In an embodiment the method further comprises removing outliers from the first batch of similarity scores.

In an embodiment, updating the threshold value comprises determining a median value of the first batch of similarity scores; and setting the threshold value to the median value.

In accordance with a further aspect of the invention, an anomaly detection system configured to detect anomalies within a set of data points comprises: a first machine learning model; a second machine learning model; and a processor.

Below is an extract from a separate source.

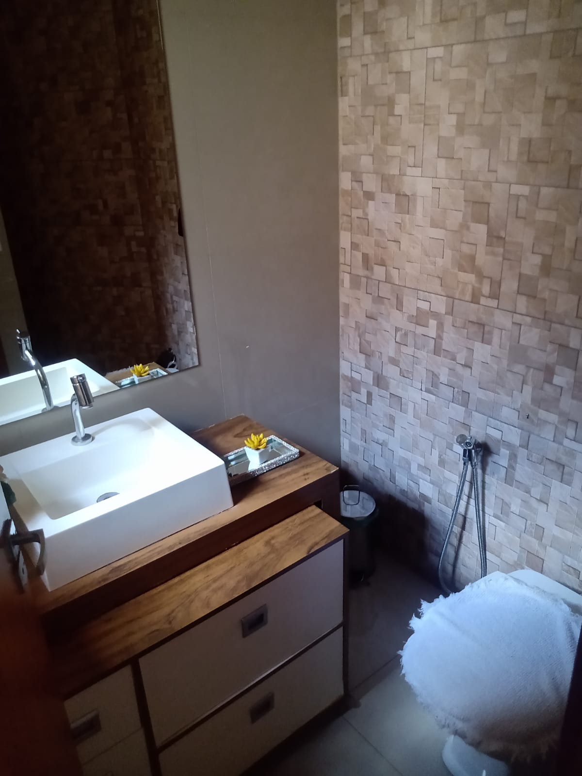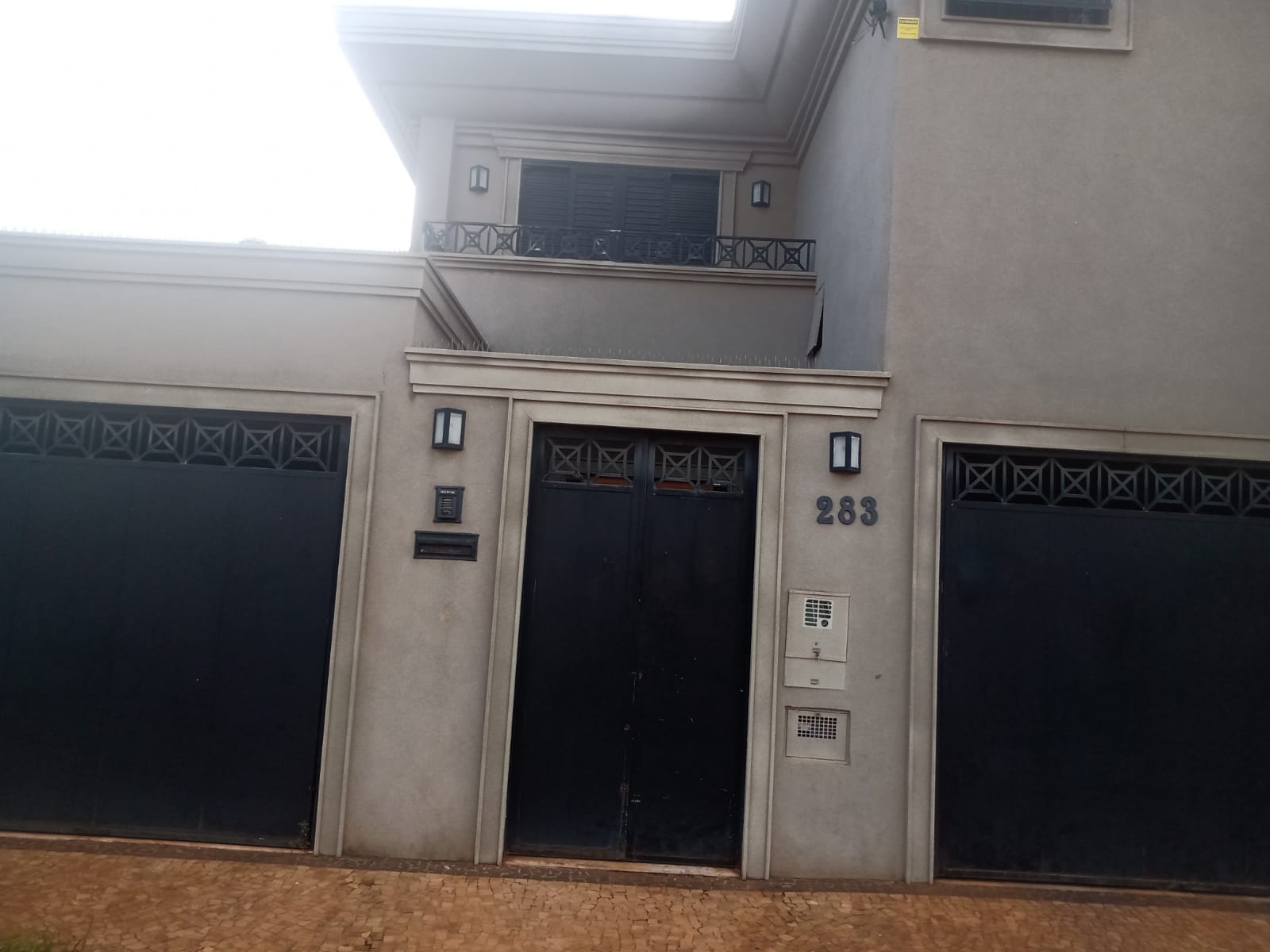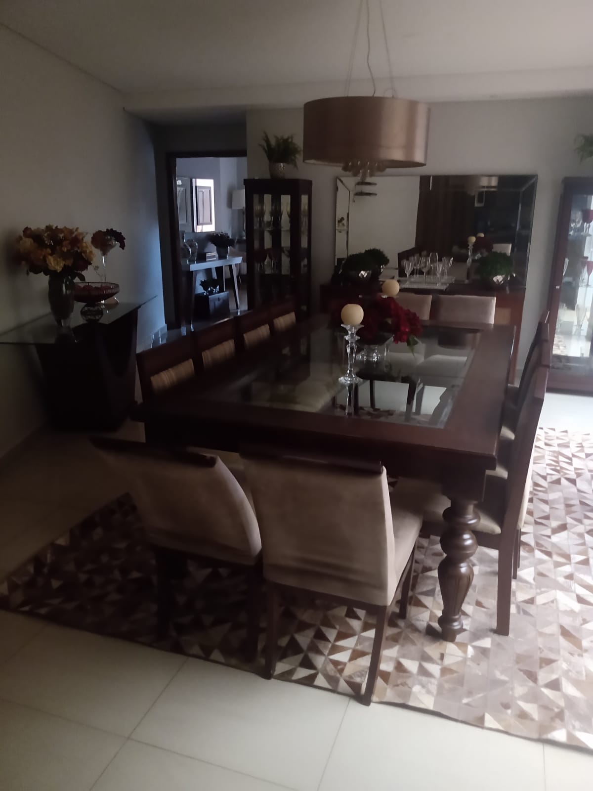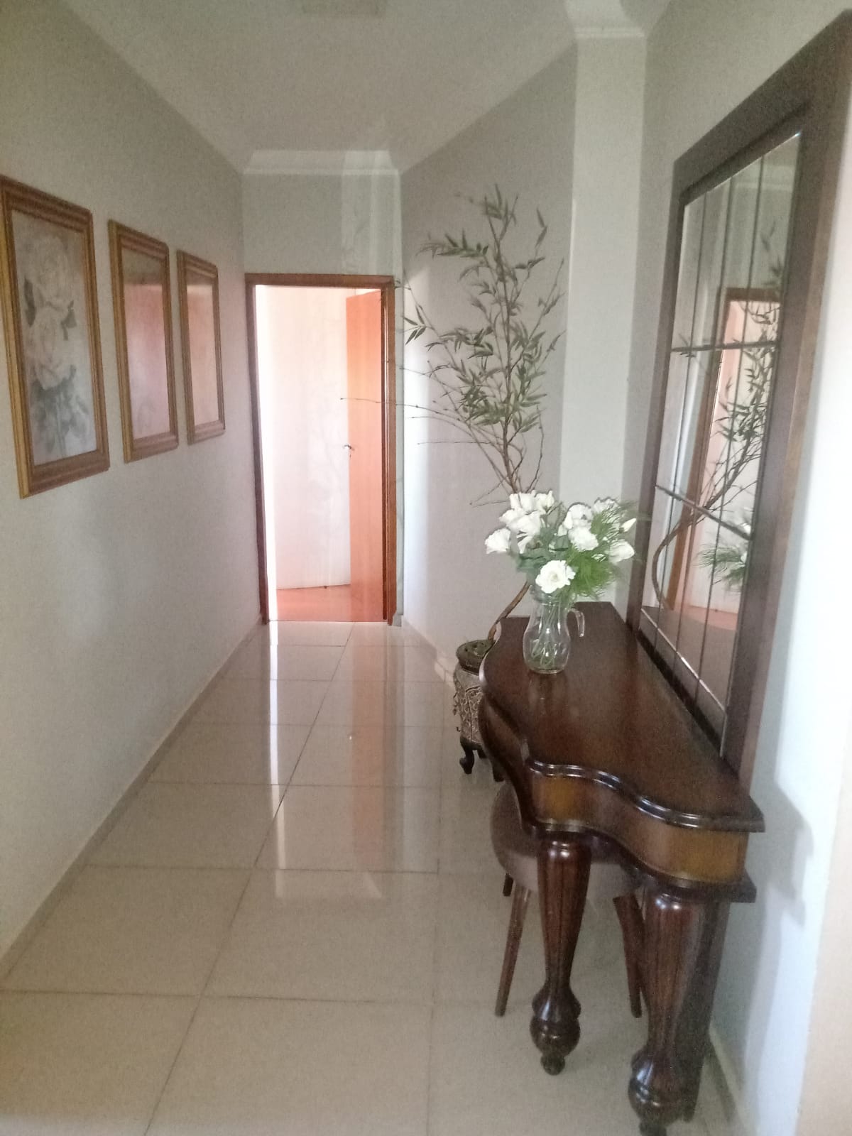 Sobrado parte superior com: 04 suítes sendo 01 com Closet e banheira de hidromassagem, 02 salas de estar conjugadas, sala de tv com sacada, escritório, jardim de inverno e wc social. Parte inferior com: hall de entrada, lavabo, sala de estar, elevador, acesso a escada, sala de jantar, cozinha, área externa com pergolado e lavabo, área de serviço e pequeno quintal, 02 garagens separadas com capacidade para 01 automóvel cada, pintura látex, quintal calçado, teto laje, murada.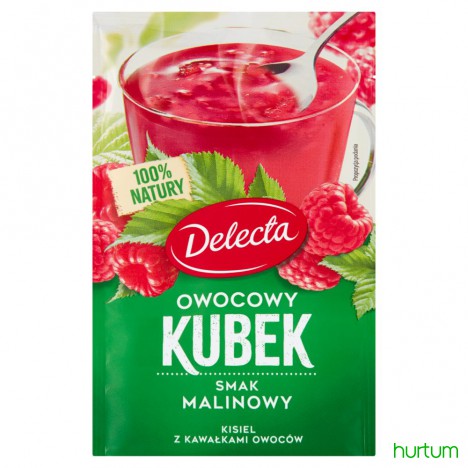Kisiel o smaku malinowym w proszku z kawałkami owoców.

The processor is configured to: receive a data point from the set of data points; determine a similarity score associated to the data point using the first machine learning model; responsive to the data point having a similarity score less than a threshold value: determine a first value for an anomaly score associated to the data point, and add the data point to a first database; and responsive to the data point having a similarity score greater than the threshold value: determining a second value for the anomaly score associated to the data point, the second value not equal to the first value.

In accordance with a further aspect of the invention, a computer-readable medium has stored thereon computer-executable instructions that, when executed by a processor, cause the processor to perform a method of detecting anomalies within a set of data points. The method comprises receiving a data point from the set of data points;

determining a similarity score associated to the data point using a first machine learning model; responsive to the data point having a similarity score less than a threshold value: determining a first value for an anomaly score associated to the data point, and adding the data point to a first database; and responsive to the data point having a similarity score greater than the threshold value: determining a second value for the anomaly score associated to the data point, the second value not equal to the first value.

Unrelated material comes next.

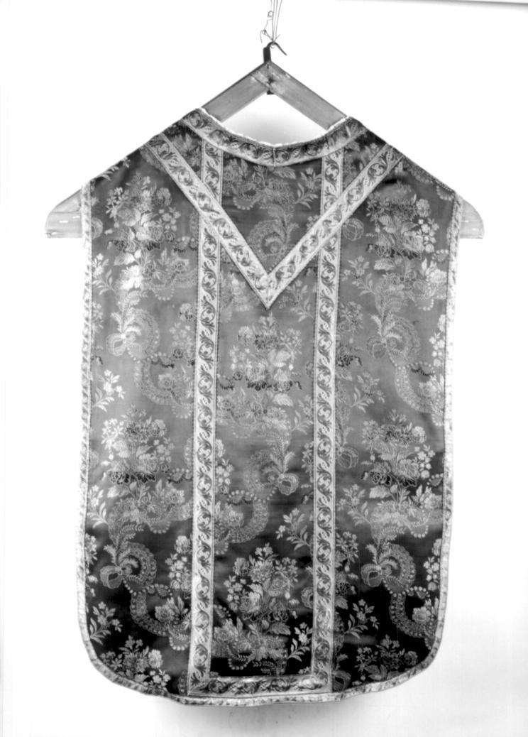 PIANETA VERDE CON RIPARTIZIONI E BORDI IN PASSAMANERIA. MOTIVI FLOREALI E FITOMORFI. MERLETTO DI COTONE BIANCO ALLO SCOLLO

The invention in one aspect comprises several steps. The relation of one or more of such steps with respect to each of the others, the apparatus embodying features of construction, and combinations of elements and arrangement of parts that are adapted to affect such steps, are all exemplified in the following detailed disclosure.

This invention may also be said broadly to consist in the parts, elements and features referred to or indicated in the specification of the application, individually or collectively, and any or all combinations of any two or more said parts, elements or features, and where specific integers are mentioned herein which have known equivalents in the art to which this invention relates, such known equivalents are deemed to be incorporated herein as if individually set forth.

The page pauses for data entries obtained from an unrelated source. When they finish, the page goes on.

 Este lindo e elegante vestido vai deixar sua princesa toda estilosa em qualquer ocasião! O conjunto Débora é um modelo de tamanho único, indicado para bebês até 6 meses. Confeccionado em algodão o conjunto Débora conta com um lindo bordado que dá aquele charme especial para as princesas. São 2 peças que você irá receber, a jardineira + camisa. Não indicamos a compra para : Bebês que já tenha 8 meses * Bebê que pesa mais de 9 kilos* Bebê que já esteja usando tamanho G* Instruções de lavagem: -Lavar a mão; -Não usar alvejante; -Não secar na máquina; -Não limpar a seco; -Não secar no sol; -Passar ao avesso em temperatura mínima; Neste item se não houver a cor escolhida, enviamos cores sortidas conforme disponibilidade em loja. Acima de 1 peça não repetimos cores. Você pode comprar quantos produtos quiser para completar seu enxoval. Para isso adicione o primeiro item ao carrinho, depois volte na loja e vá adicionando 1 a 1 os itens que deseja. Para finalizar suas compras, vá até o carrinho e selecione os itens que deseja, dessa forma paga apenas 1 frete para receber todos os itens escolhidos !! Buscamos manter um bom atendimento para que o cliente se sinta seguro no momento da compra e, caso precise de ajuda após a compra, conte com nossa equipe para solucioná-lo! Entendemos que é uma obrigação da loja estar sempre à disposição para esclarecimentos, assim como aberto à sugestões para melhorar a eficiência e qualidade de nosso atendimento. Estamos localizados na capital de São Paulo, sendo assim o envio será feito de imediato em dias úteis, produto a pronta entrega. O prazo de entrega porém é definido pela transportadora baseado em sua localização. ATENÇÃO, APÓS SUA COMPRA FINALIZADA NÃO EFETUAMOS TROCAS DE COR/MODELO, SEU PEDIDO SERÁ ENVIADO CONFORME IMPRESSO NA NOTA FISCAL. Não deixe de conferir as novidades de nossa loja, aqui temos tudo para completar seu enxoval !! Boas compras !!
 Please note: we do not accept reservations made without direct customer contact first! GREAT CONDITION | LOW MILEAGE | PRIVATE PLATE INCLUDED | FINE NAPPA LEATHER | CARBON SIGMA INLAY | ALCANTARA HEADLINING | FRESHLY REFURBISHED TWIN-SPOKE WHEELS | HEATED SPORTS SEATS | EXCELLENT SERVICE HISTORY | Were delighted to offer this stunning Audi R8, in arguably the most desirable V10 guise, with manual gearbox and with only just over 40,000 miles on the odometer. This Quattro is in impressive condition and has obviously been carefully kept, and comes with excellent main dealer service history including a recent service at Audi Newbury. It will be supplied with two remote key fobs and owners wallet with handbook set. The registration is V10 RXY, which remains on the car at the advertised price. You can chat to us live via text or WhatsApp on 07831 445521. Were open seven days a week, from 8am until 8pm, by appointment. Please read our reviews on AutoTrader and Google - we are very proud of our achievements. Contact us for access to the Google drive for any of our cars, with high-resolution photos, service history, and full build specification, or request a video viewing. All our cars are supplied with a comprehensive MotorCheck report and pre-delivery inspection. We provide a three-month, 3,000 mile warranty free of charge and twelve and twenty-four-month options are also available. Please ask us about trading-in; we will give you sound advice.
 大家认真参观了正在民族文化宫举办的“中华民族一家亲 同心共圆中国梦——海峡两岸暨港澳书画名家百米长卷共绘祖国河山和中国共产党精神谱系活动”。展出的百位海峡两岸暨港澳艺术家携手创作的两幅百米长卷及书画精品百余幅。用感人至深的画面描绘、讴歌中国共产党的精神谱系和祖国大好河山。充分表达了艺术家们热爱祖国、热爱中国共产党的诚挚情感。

In addition, where features or aspects of the invention are described in terms of Markush groups, those persons skilled in the art will appreciate that the invention is also thereby described in terms of any individual member or subgroup of members of the Markush group.

As used herein, '(s)' following a noun means the plural and/or singular forms of the noun.

As used herein, the term 'and/or' means 'and' or 'or' or both.

As used herein, the term’computer-readable medium’ should be taken to include a single medium or multiple media. Examples of multiple media include a centralised or distributed database and/or associated caches. These multiple media store the one or more sets of computer executable instructions. The term 'computer readable medium' should also be taken to include any medium that is capable of storing, encoding or carrying a set of instructions for execution by a processor and that cause the processor to perform any one or more of the methods described above. The computer-readable medium is also capable of storing, encoding or carrying data structures used by or associated with these sets of instructions. The term 'computer-readable medium' includes solid-state memories, optical media and magnetic media.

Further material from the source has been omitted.